The problem here is that you are comparing Israel and North Korea:

- Israel is a democratic country; their poor choice of leadership is secondary to the fact that they have a choice.
- North Korea is a dictatorship with a hereditary order of succession.

- Israel is a Parliamentary Democracy, meaning the government consists of many elected representatives and there are checks and balances in place to ensure that no single person can act contrary to the wishes of the people.
- North Korea is a Stalinist dictatorship obedient to the will of a single man: Kim Jong-Il.

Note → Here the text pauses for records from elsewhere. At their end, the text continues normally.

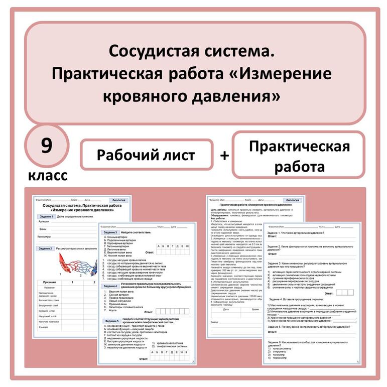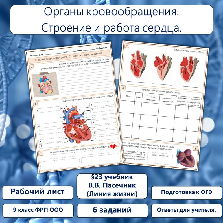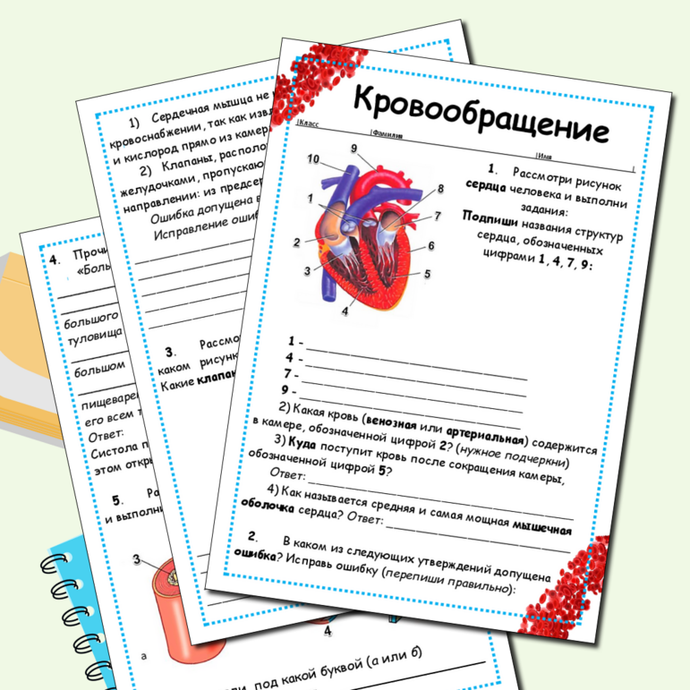 Кровеносная система рабочий лист
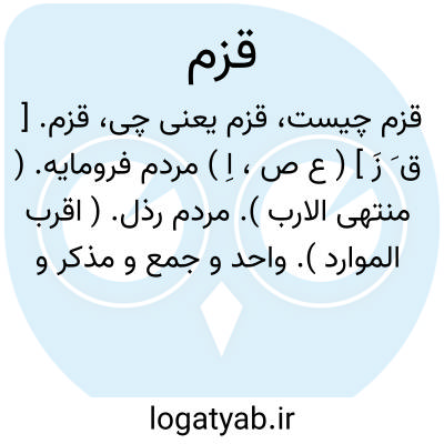 قزم. [ ق ُ زُ ] ( ع ص ) مرد فرومایه. ( منتهی الارب ). گویند: رجل قُزُم. ( اقرب الموارد ). || شتر هیچکاره. ( منتهی الارب ). رجوع به قَزِم شود. || ج ِ قَزَم.( منتهی الارب ) ( اقرب الموارد ). رجوع به قَزَم شود.
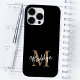 Capas de iphone de Nome Feminino do Monograma Dourado Preto Moderno. Personalize facilmente esta capas de iphone elegante moderna com o seu monograma e nome personalizados.
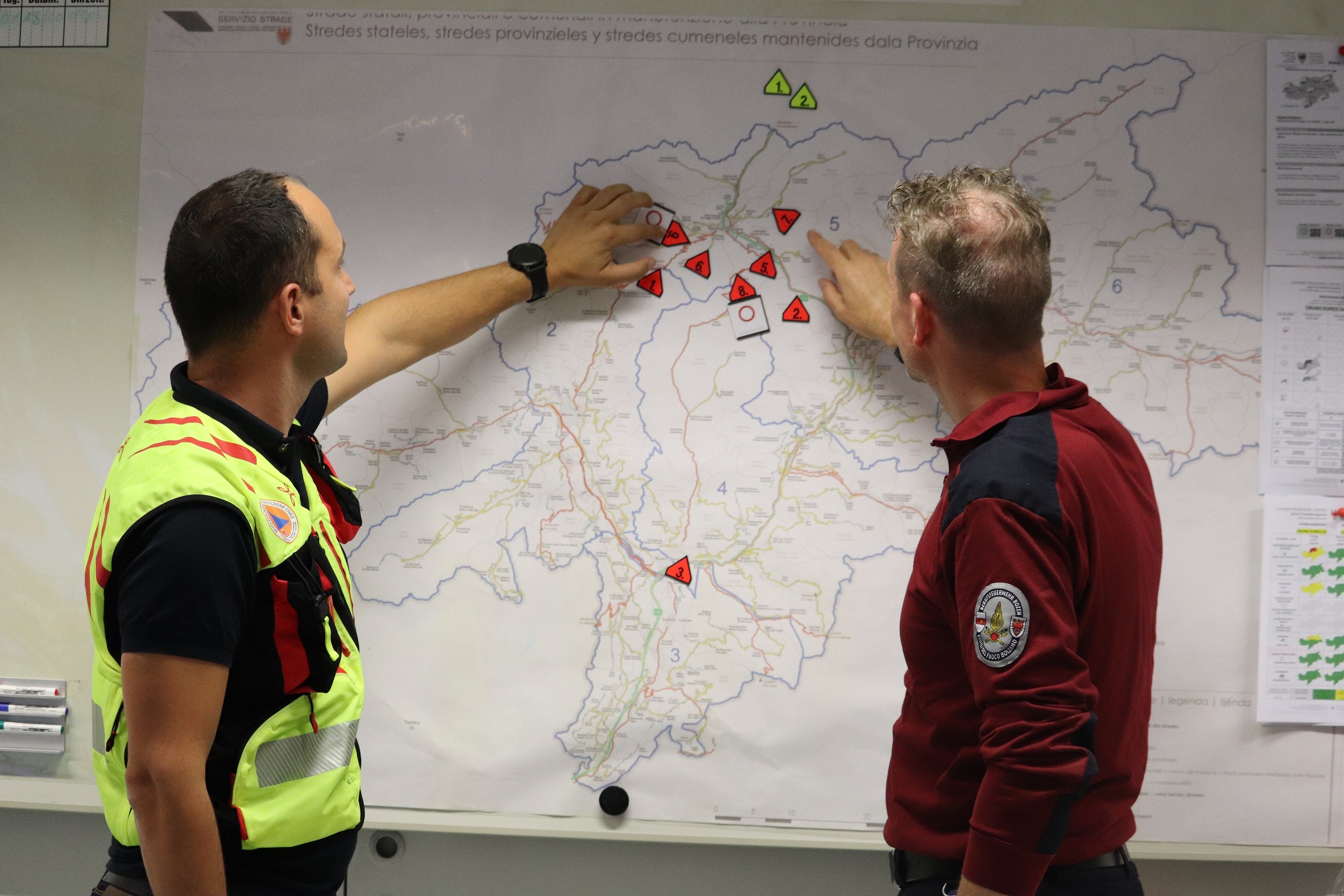 - Lagekartenführung: Während der Übung wurden die fiktiven Szenarien im Landeslagezentrum in Bozen analog auf der Südtirol-Karte festgehalten. (Foto: LPA/Maja Clara) » [IMG 1 MB]
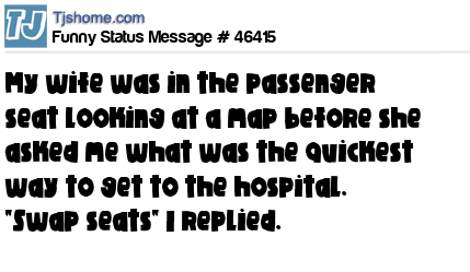 X My wife was in the passenger seat looking at a map before she asked me what was the quickest way to get to the hospital. "Swap seats" I replied.
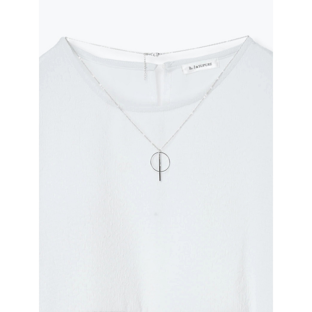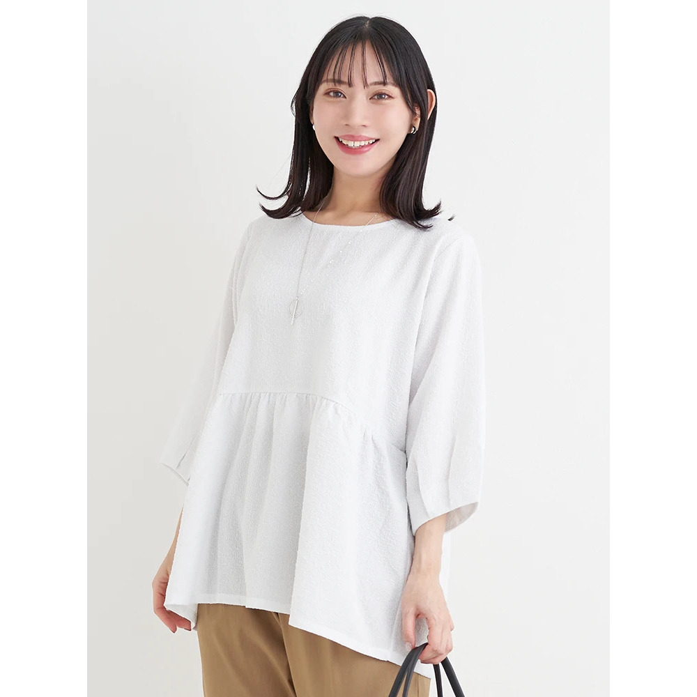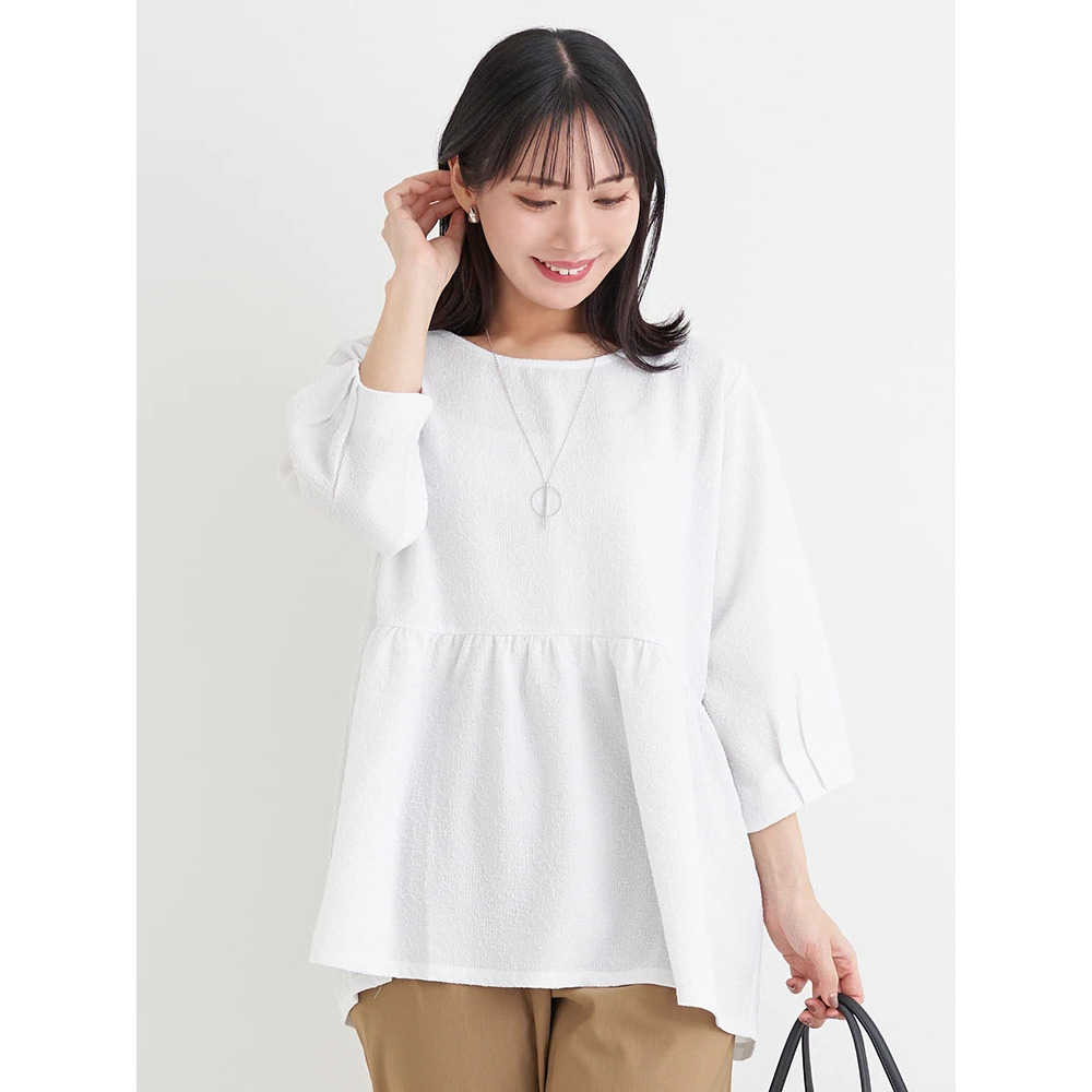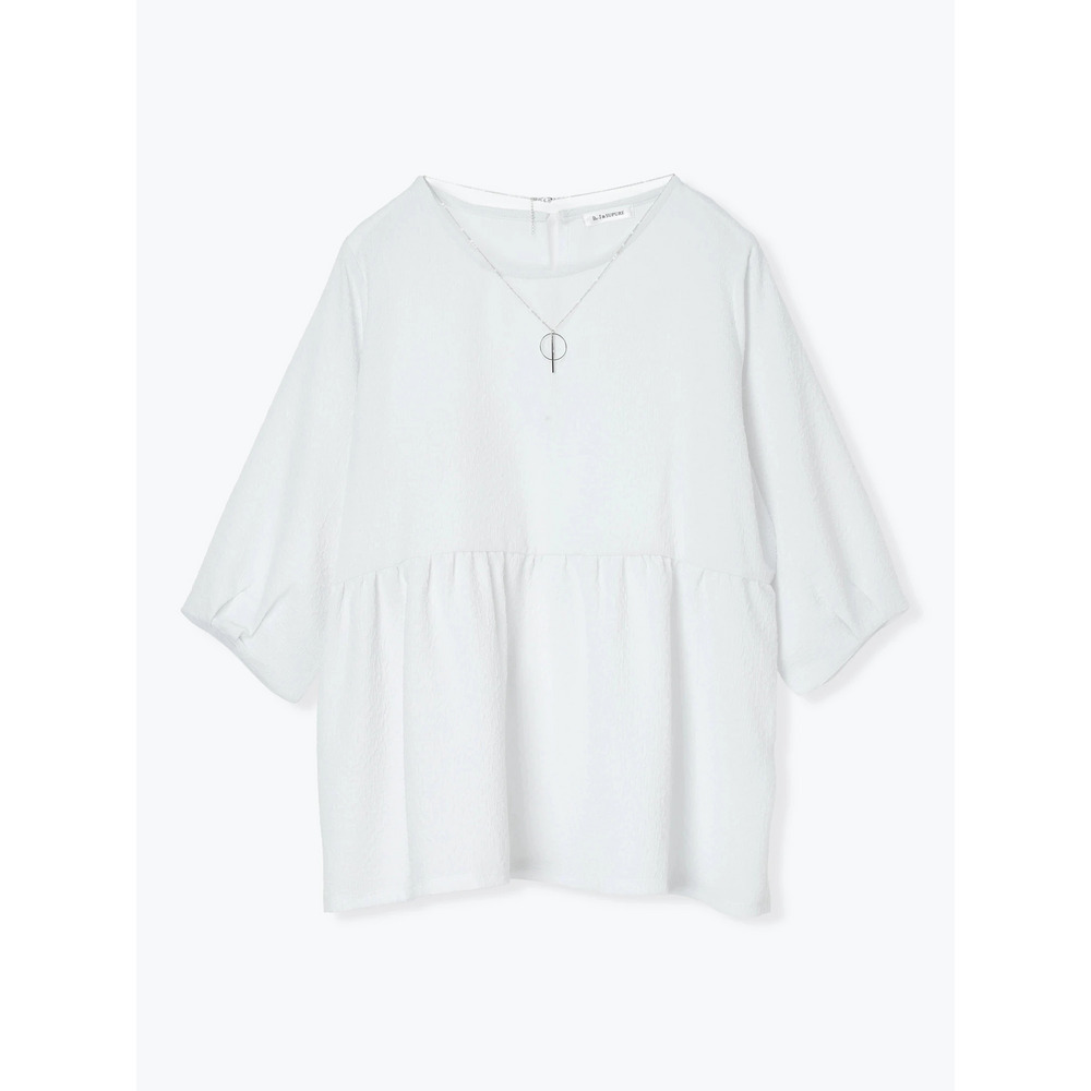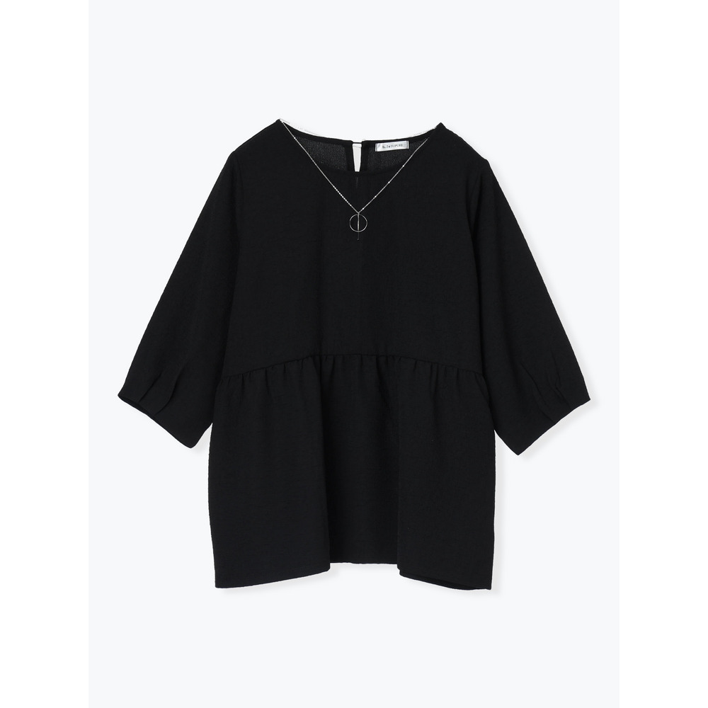 アクセサリー付き7分袖ぺプラムプルオーバー

- Israel is surrounded on all sides by enemies, either present or historical. In spite of a standing official policy of preemptive attacks, their contemporary military actions are reactionary (retaliatory).
- North Korea is surrounded on all sides by allies. Other than the official state of war, North Korea and South Korea are essentially allies and trade partners. North Korea engages in regular border incursions with China and (like I pointed out earlier in this thread) has even officially admitted to abducting people from other countries.

- Israel has not been able to effectively establish an equilibrium of MAD with their regional enemies.
- North Korea has large amounts of artillery and chemical weapons aimed at Seoul, establishing MAD.

- Israel's enemies have a stated interest in the genocide of the Jewish race.
- North Korea's enemies are not interested in genocide.

- Israel has a free market economy. Primary exports consist of cut diamonds, high-technology equipment and agricultural products.
- North Korea has the world's most restrictive command economy. Primary exports consist of illegal narcotics and slave labor.

- Israel is not terribly likely to use nuclear weapons. The Israeli people would not support a nuclear strike, leading to local political backlash. Foreign governments (including the United States) would not support a nuclear strike, leading to trade sanctions and the suspension of economic and military support. Retaliatory nuclear strikes are also likely.
- North Korea is very likely to use nuclear weapons. The North Korean people are deliberately misinformed and have no participation in government. The North Korean government has no interest in the support of foreign governments. Retaliatory nuclear strikes are almost certain, but Kim Jong-Il is dying and he doesn't care about what happens to his country after he's dead.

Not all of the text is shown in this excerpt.